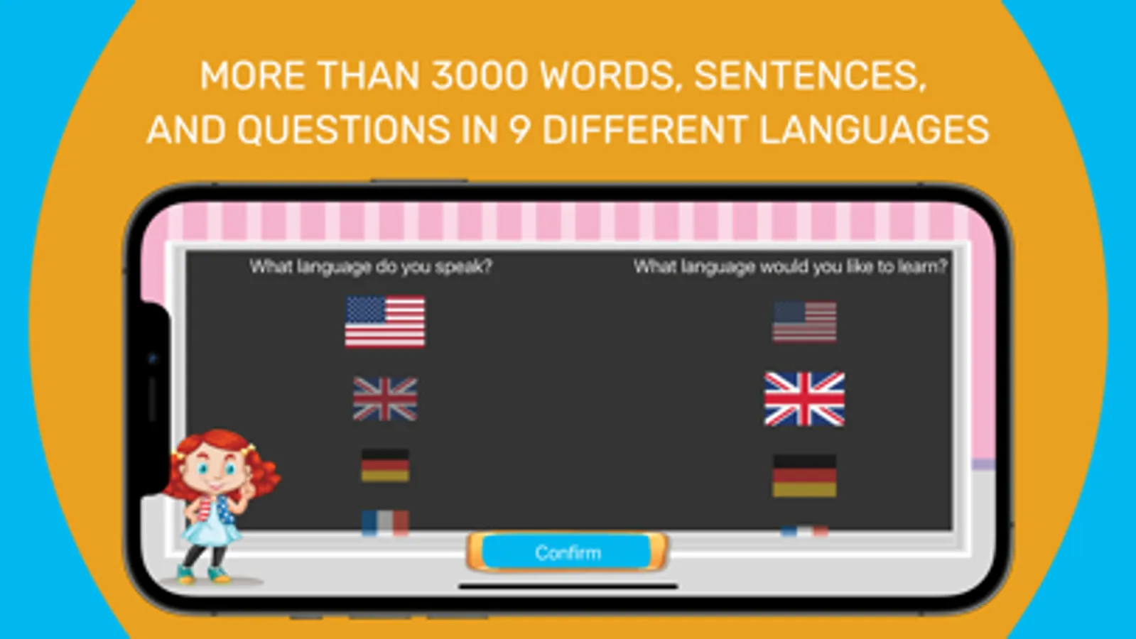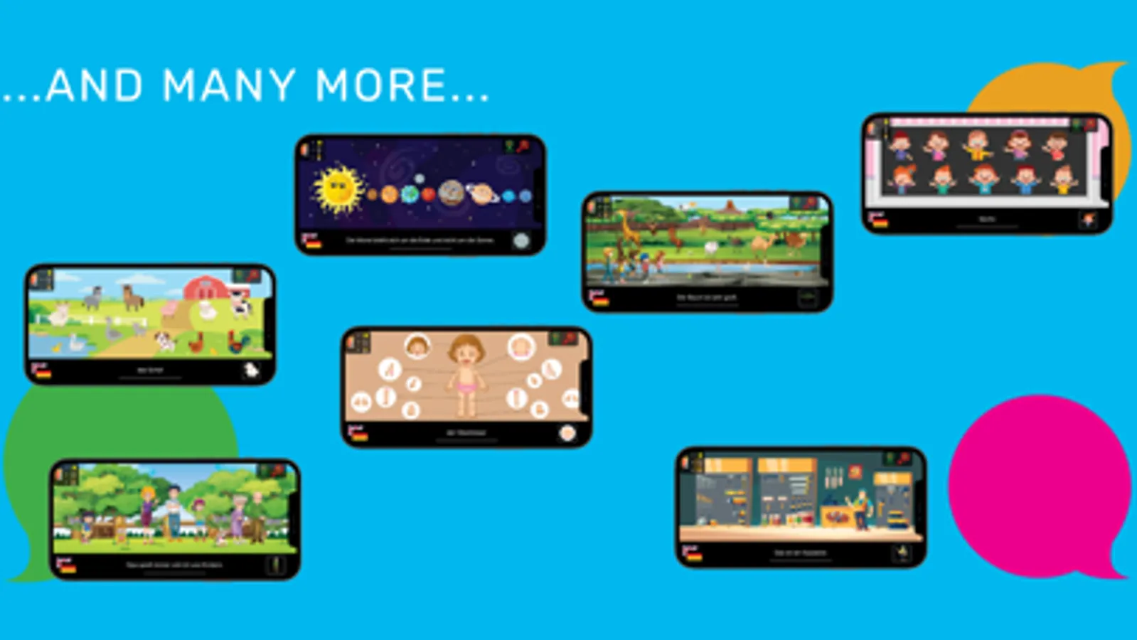 With over 14 chapters, more than 3000 words, sentences, and questions in 9 different languages, we are one of the largest multilingual children's learning apps in the world.
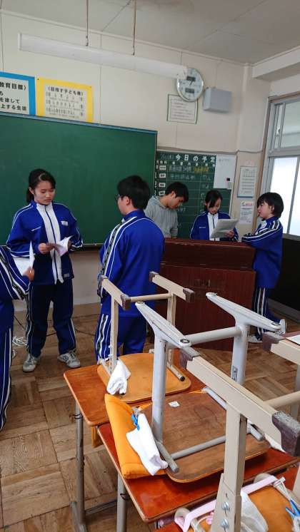 昼休みの様子です。2年の教室では、合唱練習をするしてなど、仲良く過ごしています。
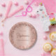Modern Elegant Sparkle Rose gold glitter metallic Personalised Monogram Name 90th (or ANY AGE) Birthday Party Paper Plates. This Girly Adult feminine NINETY (NINETIETH) Birhday party plates featuring a Monogram Name in a stylish handwritten calligraphy script and date and age on blush pink or rose gold faux brushed metallic foil look background with loose glam glitter frame. Ideal for a feminine adult or girly milestone birthday celebration, this perfectly captures the essence of a modern rose gold or blush pink glitter sparkle girly birthday party.
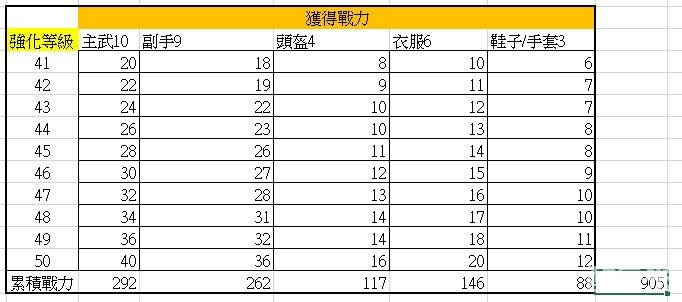 3. 本系统如全部突破至X等级 (+50) 可获得 905 点战力.
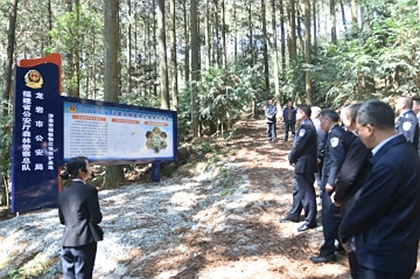 福建省森警总队一行在上杭白砂国有林场调研。龙岩市林业局供图揭牌仪式后,福建省森警总队一行深入上杭白砂国有林场调研森林警察林、涉案珍稀植物迁地保护基地建设等。
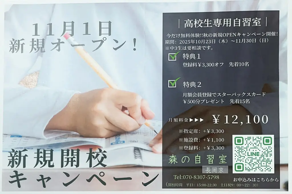 セブン通りに、高校生専用の自習室「森の自習室 長岡京」が11月1日、新たにオープンしました。
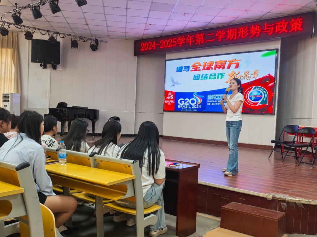 本次专题讲座以教育部“关于印发2025年春季学期全国高校‘形势与政策’教学要点的通知”里教学要求为依据,深入贯彻落实党的二十大和二十届三中全会精神,结合教育部联合举办的全国高校“形势与政策”集体备课会优质资源,聚焦“探寻新时期中美正确相处之道”和“谱写全球南方团结合作的新篇章”为核心话题,为员工讲述党和国家在“中美正确相处之道”“谱写全球南方团结合作”方面的政策和形势,引导员工紧跟时代步伐,进一步增强员工的自信与认同感,坚定不移听党话、跟党走,努力成长为堪当强国建设、民族复兴重任的时代新人。
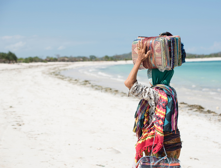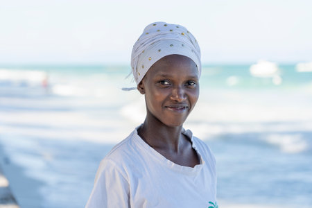 Zanzibar, Tanzania - october 28, 2019: African woman standing on the beach market near sea of Zanzibar island, Tanzania, East Africa
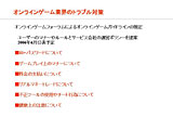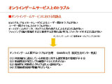 川口氏は次いで,日本国内におけるオンラインゲームサービスに見られるトラブルに話題を転じ,サービス事業者へのヒアリング結果と,国民生活センターに寄せられた苦情をそれぞれ大まかな箇条書きで示した。その場でコメントされていたわけではないが,サービス事業者からはRMT(リアルマネートレード)やプレイヤーモラル,チート,クレジットカード詐欺などが列挙されていたのに対し,国民生活センターに寄せられた意見は,利用規約違反者への管理不十分や,接続障害の補償不備,利用停止処分に対する事由説明の不十分さ,苦情処理体制の未整備など,主にサービス業者に向けられた苦言が挙げられていた。サンプリングの背景が分からないので軽々に判断はできないが,両者は重ね合わせて考えられるべき,オンラインゲーム業界にとっての問題といえるだろう。

..............................

Reproduce exactly and only the lines from the line that contains "福建省森警总队一行在上杭白砂" to the end of the data above, both ends included. No pictures go in the copy.

 福建省森警总队一行在上杭白砂国有林场调研。龙岩市林业局供图揭牌仪式后,福建省森警总队一行深入上杭白砂国有林场调研森林警察林、涉案珍稀植物迁地保护基地建设等。
 セブン通りに、高校生専用の自習室「森の自習室 長岡京」が11月1日、新たにオープンしました。
 本次专题讲座以教育部“关于印发2025年春季学期全国高校‘形势与政策’教学要点的通知”里教学要求为依据,深入贯彻落实党的二十大和二十届三中全会精神,结合教育部联合举办的全国高校“形势与政策”集体备课会优质资源,聚焦“探寻新时期中美正确相处之道”和“谱写全球南方团结合作的新篇章”为核心话题,为员工讲述党和国家在“中美正确相处之道”“谱写全球南方团结合作”方面的政策和形势,引导员工紧跟时代步伐,进一步增强员工的自信与认同感,坚定不移听党话、跟党走,努力成长为堪当强国建设、民族复兴重任的时代新人。
 Zanzibar, Tanzania - october 28, 2019: African woman standing on the beach market near sea of Zanzibar island, Tanzania, East Africa
 川口氏は次いで,日本国内におけるオンラインゲームサービスに見られるトラブルに話題を転じ,サービス事業者へのヒアリング結果と,国民生活センターに寄せられた苦情をそれぞれ大まかな箇条書きで示した。その場でコメントされていたわけではないが,サービス事業者からはRMT(リアルマネートレード)やプレイヤーモラル,チート,クレジットカード詐欺などが列挙されていたのに対し,国民生活センターに寄せられた意見は,利用規約違反者への管理不十分や,接続障害の補償不備,利用停止処分に対する事由説明の不十分さ,苦情処理体制の未整備など,主にサービス業者に向けられた苦言が挙げられていた。サンプリングの背景が分からないので軽々に判断はできないが,両者は重ね合わせて考えられるべき,オンラインゲーム業界にとっての問題といえるだろう。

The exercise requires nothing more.